The Evolving Logic Behind AI Investment
Over the past few years, large language models were the hottest AI investment theme. The market focused on model capability, parameter scale, and technological leadership. However, as competition enters the commercialization phase, this logic is changing.
On one hand, model capabilities improve while prices fall, shifting competition from pure technology to commercial implementation. On the other hand, demand for computing power continues to grow with the proliferation of AI agents, inference models, and generative AI applications.
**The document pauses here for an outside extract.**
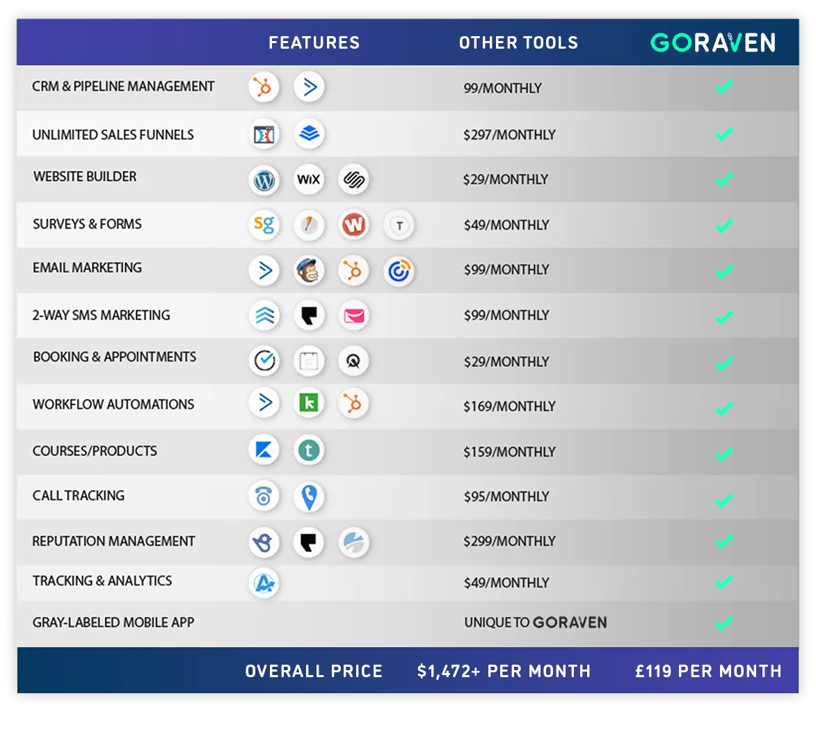 That's where GoRaven can help. We want to make it easier for you to grow your business, so we've brought everything you need under one roof.

Rather than a simple shift from models to chips, capital is moving from betting on individual model brands to betting on the entire AI production system. While models can be discounted and applications iterated, computing power infrastructure remains the foundational layer of the entire industry chain. As AI applications develop, demand for computing power intensifies, making the sustained growth of this demand the core investment thesis.
But chips are not the final destination. Market focus continues to evolve. According to an angel investor, while attention was on GPUs last year, capital this year is already flowing into other AI infrastructure segments like memory and inference optimization, indicating a search for directions with more sustainable growth potential within the AI industry chain.
Kunlunxin's potential IPO arrives precisely during this window of industry value reassessment.